Effective persuasive writing COM/120

Bryon Ford

September 2, 2006

Outsourcing and the United States

Outsourcing and the United States: benefit or not? Outsourcing, or off shoring, note many workforce experts, is simply a fact of a global economy. The fact is, the nine-to-five workday is no more, and because of that, United States employers have a choice. They can either go to the expense of hiring a 24/7 workforce to meet the needs of an international marketplace, or they can send there jobs overseas. There are also proven savings when it comes to off shoring as well, namely that workers in India and China are willing to accept less in the way of pay than workers in the United States will (Babcock, 2004). Nearly every United States company is off shoring, or at the very least, considering doing so (Babcock, 2004).

The situation we face here is that technology combined with globalization, which has given us rise to what Gorden (2002) calls, the "virtual state, the virtual corporation and now the outsourced workforce" (24).

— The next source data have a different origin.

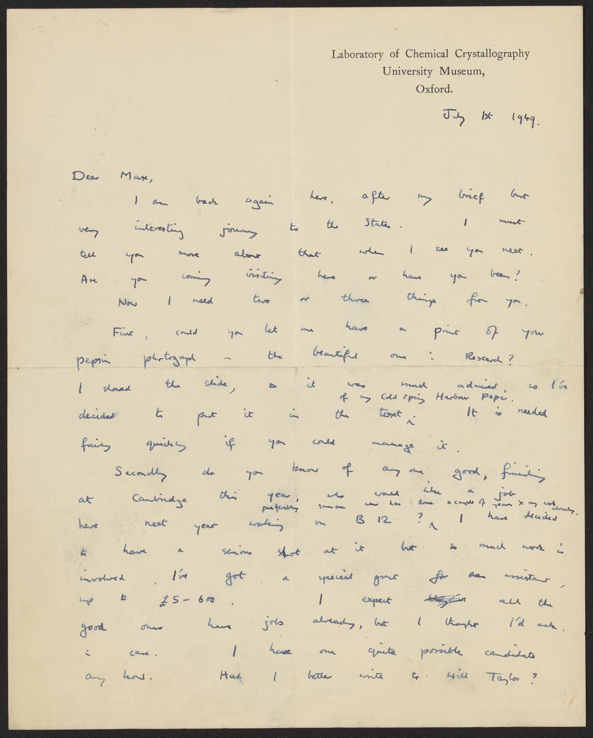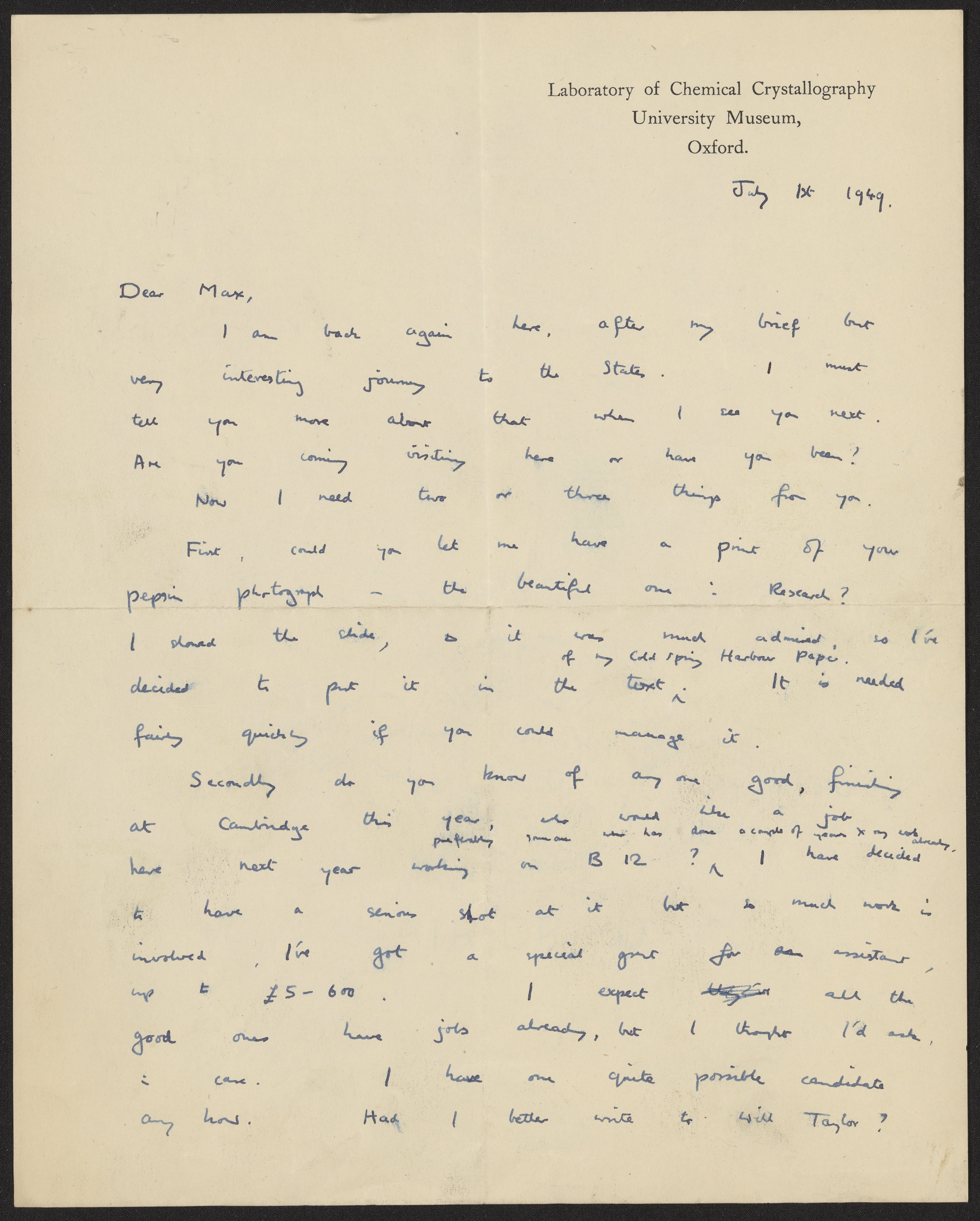 Letter from Dorothy Hodgkin to Max Perutz, July 1, 1949
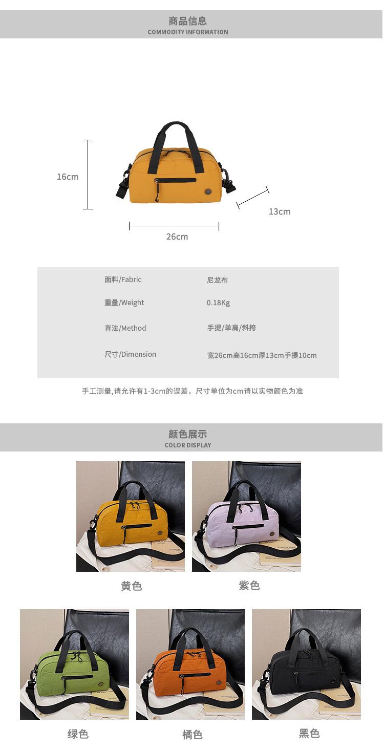 Bolso de Mano Sencillo y Ligero Transfronterizo para Mujer 2025 Nuevo de Alta Gama Color Puro Tela de Nailon Bolso Bandolera de Hombro para Viaje Diario
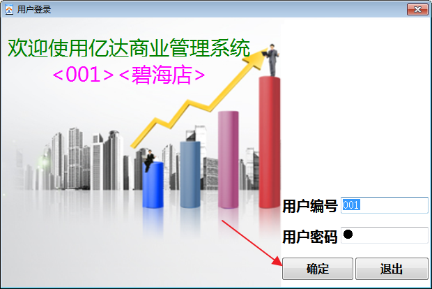 下载安装后,打开应用程序,直接点击确定进行登录。(用户编号001 用户密码1)
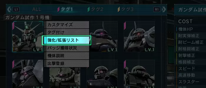 ■调整MS列表界面的子项目 ⇒扩展技能此前位于【强化列表】中,因名称不够清晰,故将其重命名为【强化/扩展列表】。
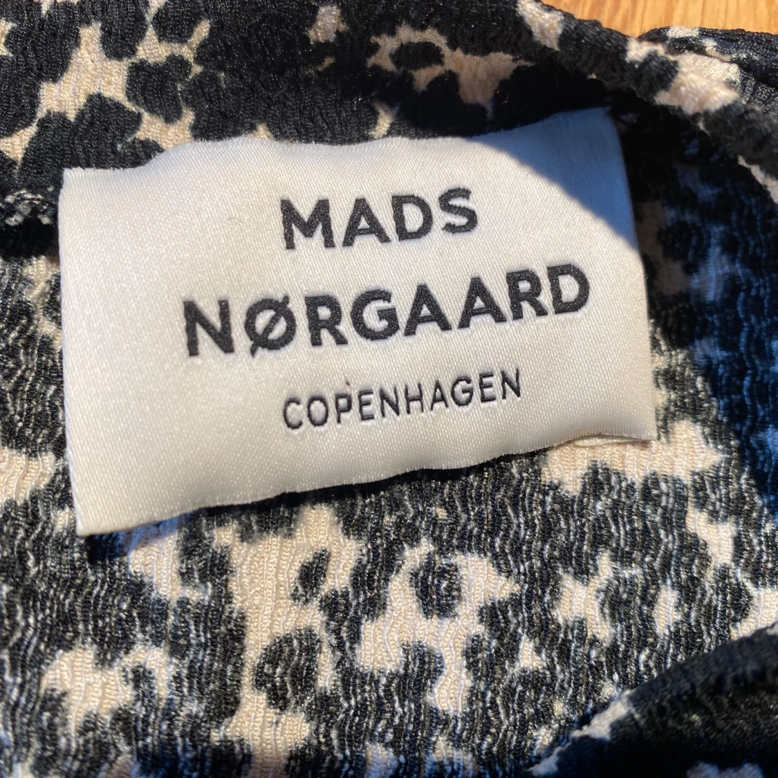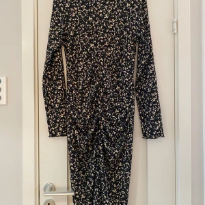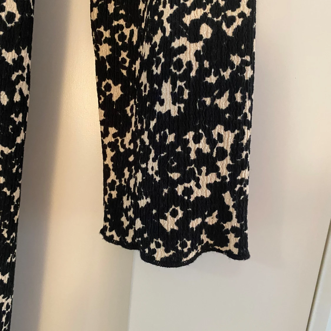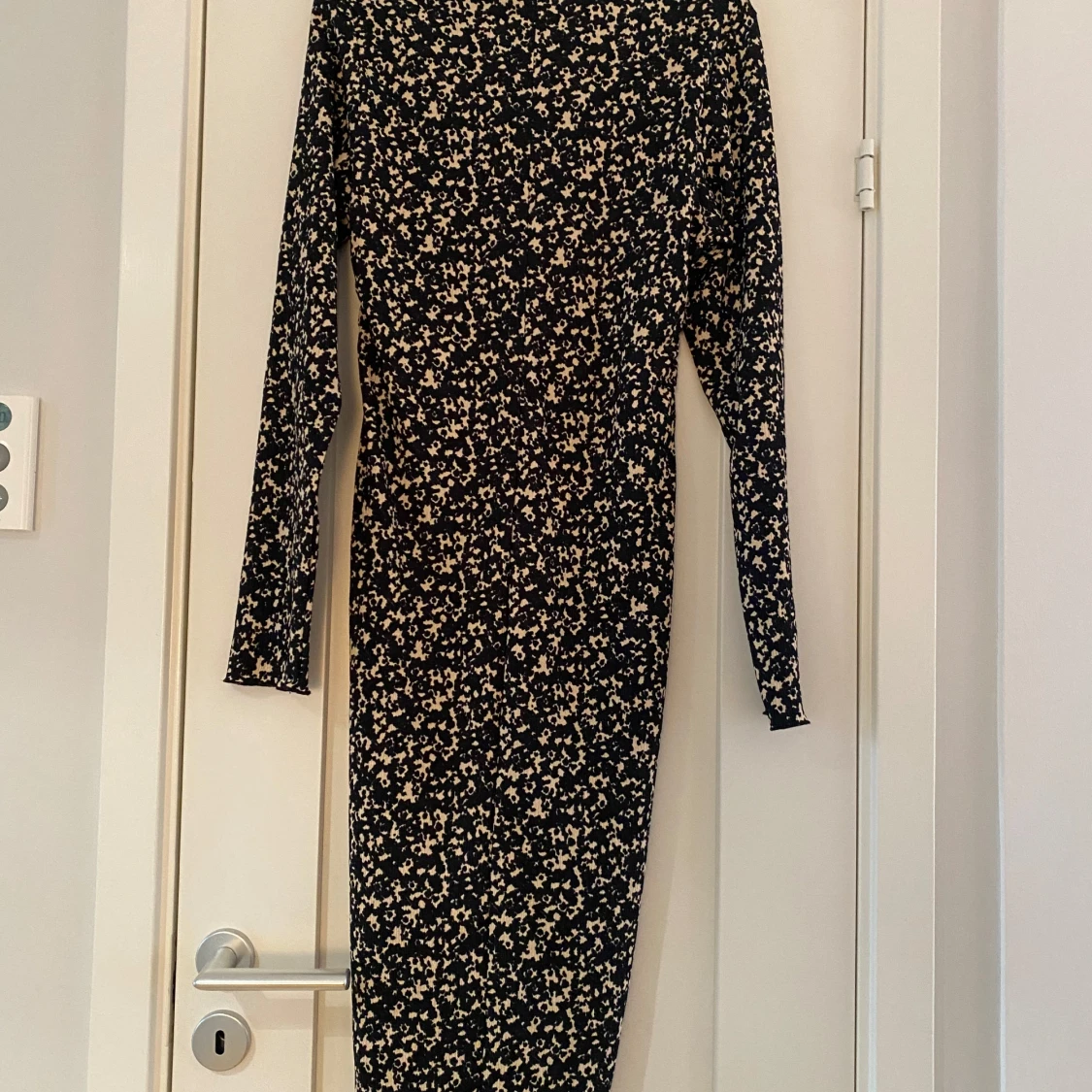 Snygg svart klänning med ett mönster i beige. Klänningen har en lång passform och långa ärmar, perfekt för en stilren look. Materialet ser ut att vara mjukt och bekvämt, vilket gör den idealisk för både vardag och speciella tillfällen. Ny beige och svart mönstrad klänning i strl XL från Mads Norgaard, modell Dimma dress. Ny, aldrig använd. Klänningen har resår framtill och dragkedja där bak. Kvalitet Pollux. Över bröstet: ca 47 cm Längd från axeln och ner: ca 116 cm 98% polyester, 2% elasta
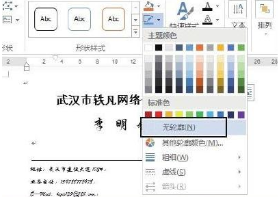 Word2013制作名片步骤4:在“绘图工具—格式”选项卡的“形状样式”组中单击“形状轮廓”按钮上的下三角按钮,在打开的下拉列表中选择“无轮廓”选项取消文本框的边框,如图4所示。
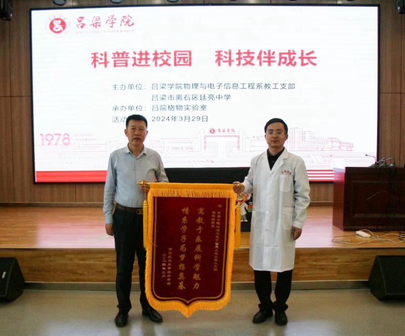 为提升青少年科学素养,培养创新意识和创新精神,服务地方中小学教育发展,吕院格物实验室开展“科普进校园,科技伴成长”活动。3月29日下午,第一站来到吕梁市离石区廷亮中学,为初一学子呈现出科学实验的神奇和魅力。本次活动由bat365在线中国官网登录入口物理与电子信息工程系教工支部与廷亮中学联合举办,吕院格物实验室承办,由物理与电子信息工程系教工支部书记车海亮博士担任主讲老师。
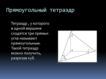 Тетраэдр — простейший многогранник, гранями которого являются четыре треугольника. Тетраэдр является треугольной пирамидой при принятии любой из граней за основание. У тетраэдра 4 грани, 4 вершины и 6 рёбер. Тетраэдр, у которого в одной вершине сходятся 3 прямых угла называют прямоугольным, а противоположный этим 3-м прямым углам 4-ый треугольник (грань) назовём гипотенузным. Прямоугольный тетраэдр – угол между всеми тремя ребрами при одной вершине является прямым, т.е. равным 90°
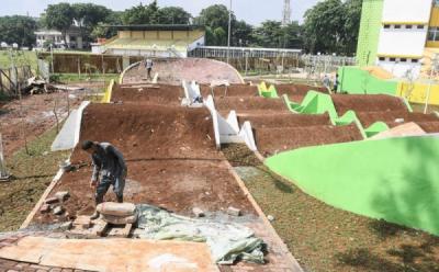 Petugas Dinas Pertamanan dan Kehutanan melakukan perawatan area skateboard di Ruang Publik Terpadu Ramah Anak (RPTRA) Kalijodo, Jakarta, Jumat 20 Januari 2023.
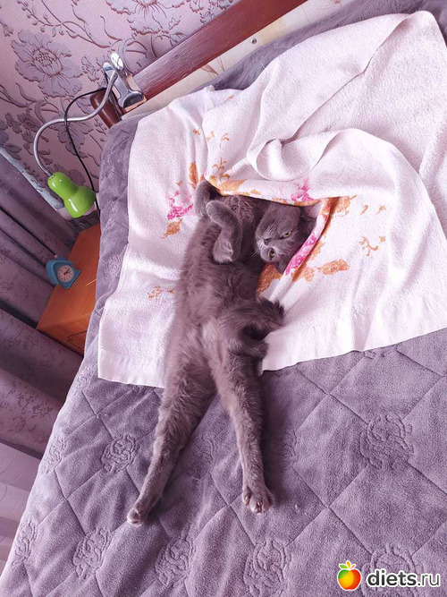 На кровать специально кладу старое полотенце, любит спать на солнышке
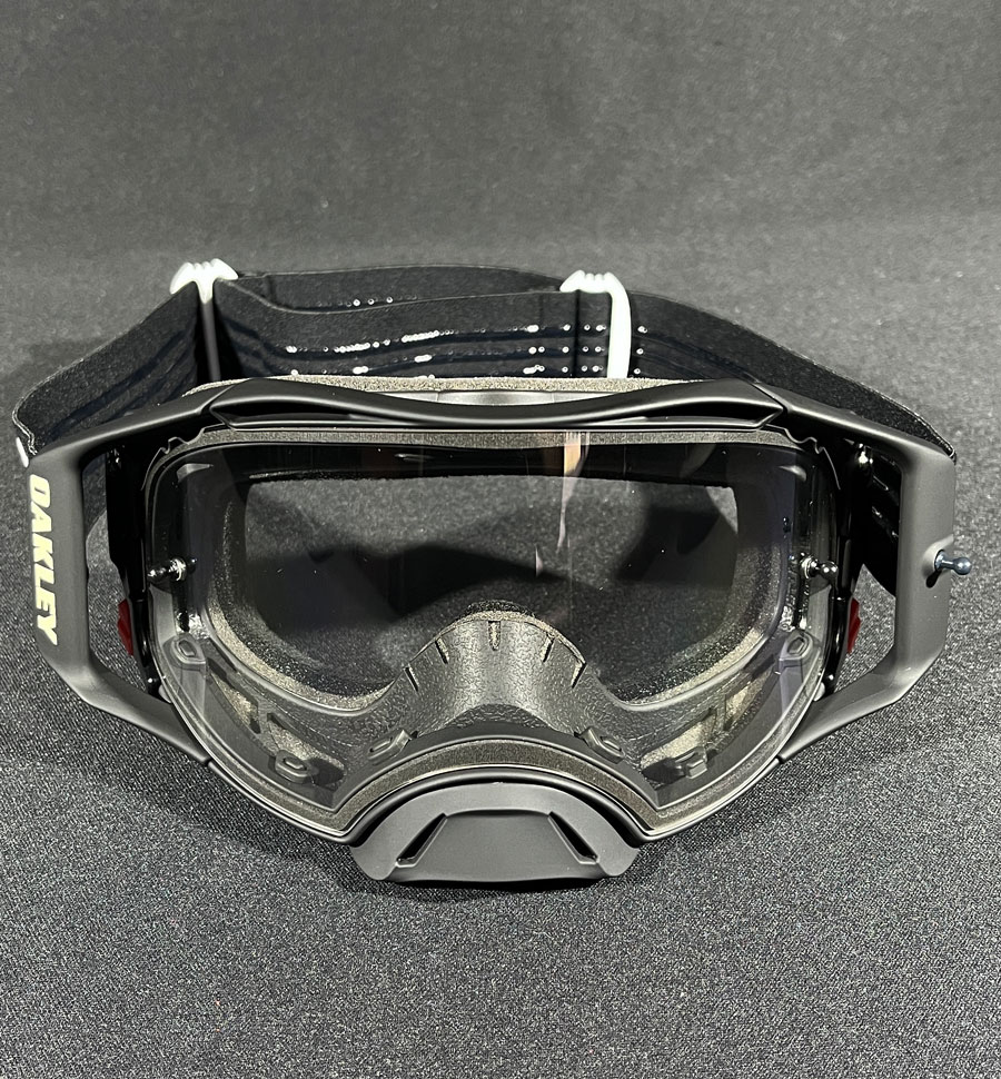 A construção da armação feita em poliuretano do Óculos Oakley Airbrake B1B Black White/Clear oferece flexibilidade, que possibilita um ajuste de médio para alto em relação ao seu tamanho frente ao capacete e rosto do piloto, garantindo também uma melhor visão periférica, além de maximizar o conforto durante toda a pilotagem com a durabilidade e a proteção muito maiores.
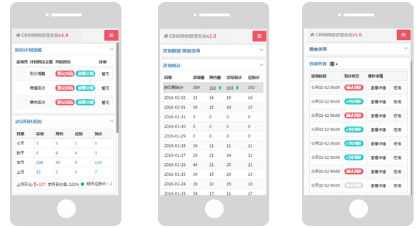 查詢組合條件豐富,界面展現可自定義;針對競價需要看關鍵詞,來源渠道;針對咨詢需要看電話號碼,預約時間;針對網咨、面咨需要看預約備注;可自定義展現。
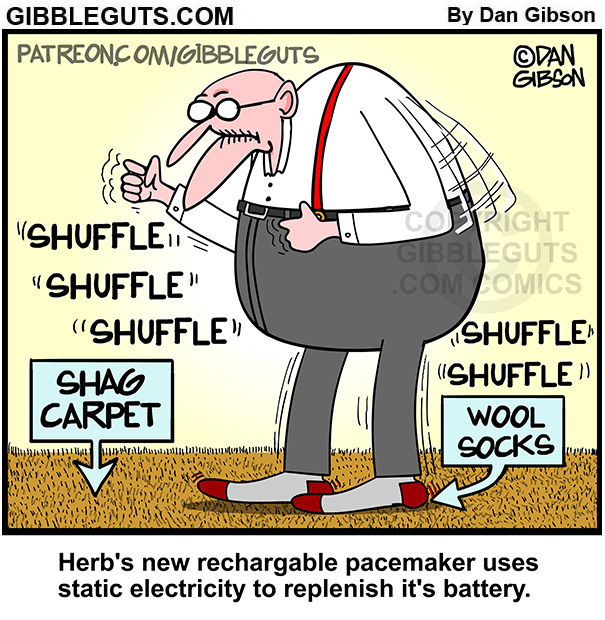 Herb shuffles across shag carpet in wool socks to recharge his pacemaker with static electricity. When your steps can literally jumpstart your heart, you know you’ve reached peak retirement.
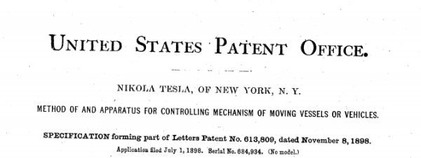 Matthew Schroyer a publicat un fragment din brevetul lui Tesla pe pagina sa de Twitter. În paginile documentului, datat 1 iulie 1898, pot fi observate detaliile proiectului unor maşinării fără pilot care urmau să fie folosite în domeniile comunicaţiilor, explorării ştiinţifice şi militar. Conform însemnărilor inventatorului, dispozitivele urmau să fie controlate de la distanţă.
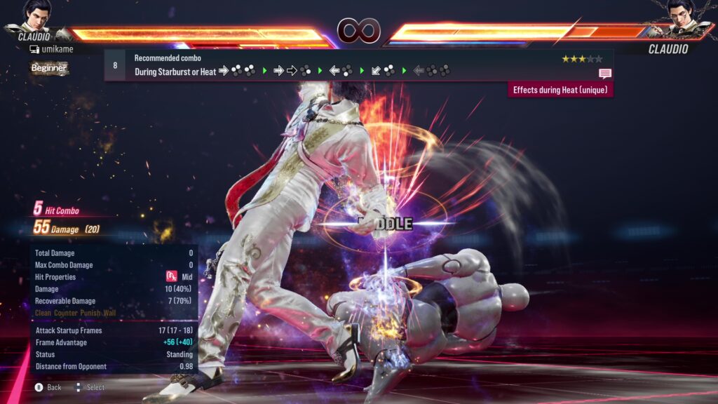 | During Starburst or Heat f+1+2,1+2→ff+4→b+3→db+1+2 T!→b+4,2 | Effects during Heat 〔unique〕 |
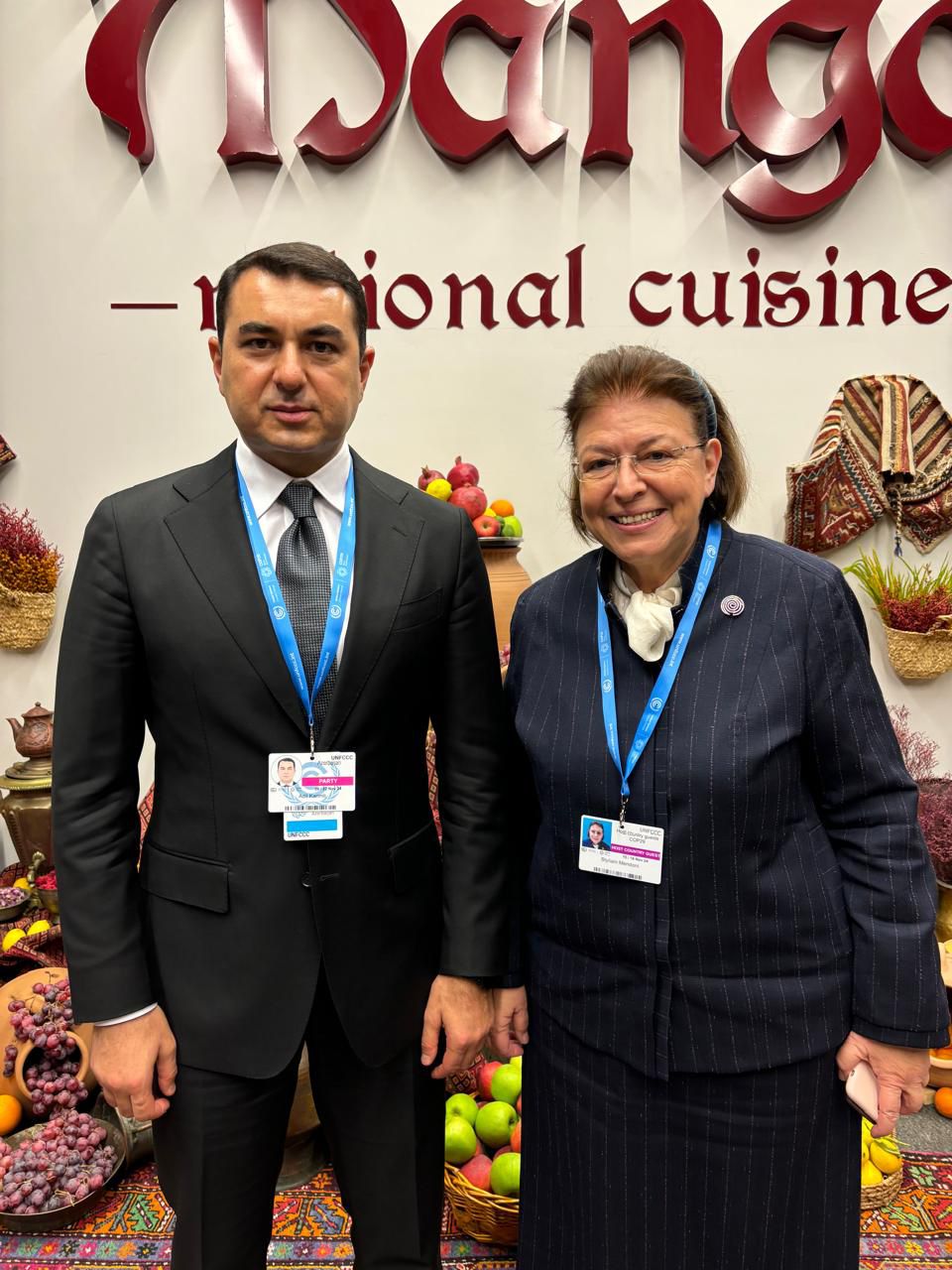 Η Υπουργός Πολιτισμού της Ελλάδας είχε συνάντηση εργασίας με τον ομόλογό της του Αζερμπαϊτζάν, Adil Karimli, τον οποίον και συνεχάρη για τη διοργάνωση της COP29. Ο Αζέρος Υπουργός επεσήμανε το σημαντικό έργο που έχει επιτελέσει η Ελλάδα για την προστασία της πολιτιστικής κληρονομιάς από τις καταστροφικές συνέπειες της κλιματικής κρίσης, στο πλαίσιο της διεθνούς πρωτοβουλίας που έχει αναλάβει η Ελληνική Κυβέρνηση, από το 2019. Στο πυρήνα της συνεργασίας και εξέλιξης των διμερών πολιτιστικών σχέσεων των δύο χωρών βρίσκονται η προστασία, η διατήρηση και η ενίσχυση της πολιτιστικής κληρονομιάς συμπεριλαμβανομένης της χειροτεχνίας και των παραδοσιακών πρακτικών, ο σύγχρονος πολιτισμός και οι δημιουργικές και πολιτιστικές βιομηχανίες.

But the question we run into here is, what is the impact on the United States workforce when a company off shores? How can something like sending jobs overseas (especially white-collar jobs) do anything except demoralize a workforce that is already skeptical to begin with in the wake of the 1980s through the 1990's downsizing trends? The answer we provide to this is, there can not be much advantage to the United States workforce when it comes to off shoring, because off shoring simply increases unemployment in the United States, while providing and emotional backlash against corporate America - one that, in the wake of the corporate scandals of the early 2000s, is not the best thing in the world for the business community. Furthermore, limiting off shoring could impact large organizations profits. General Electric's response to the furor, namely attempts to limit outsourcing could impact earnings (Hansen, 2004) which do not help the issue either.

Nor is it coming to an end any time soon, according to Forrester Research, Inc., approximately 830,000 United States service sector jobs (telemarketers, accountants, software engineers, chief technology officers, and others) will have moved abroad by the end of 2006, with 3.4 million additional jobs going overseas by 2015 (Brown and Wilson, 2005).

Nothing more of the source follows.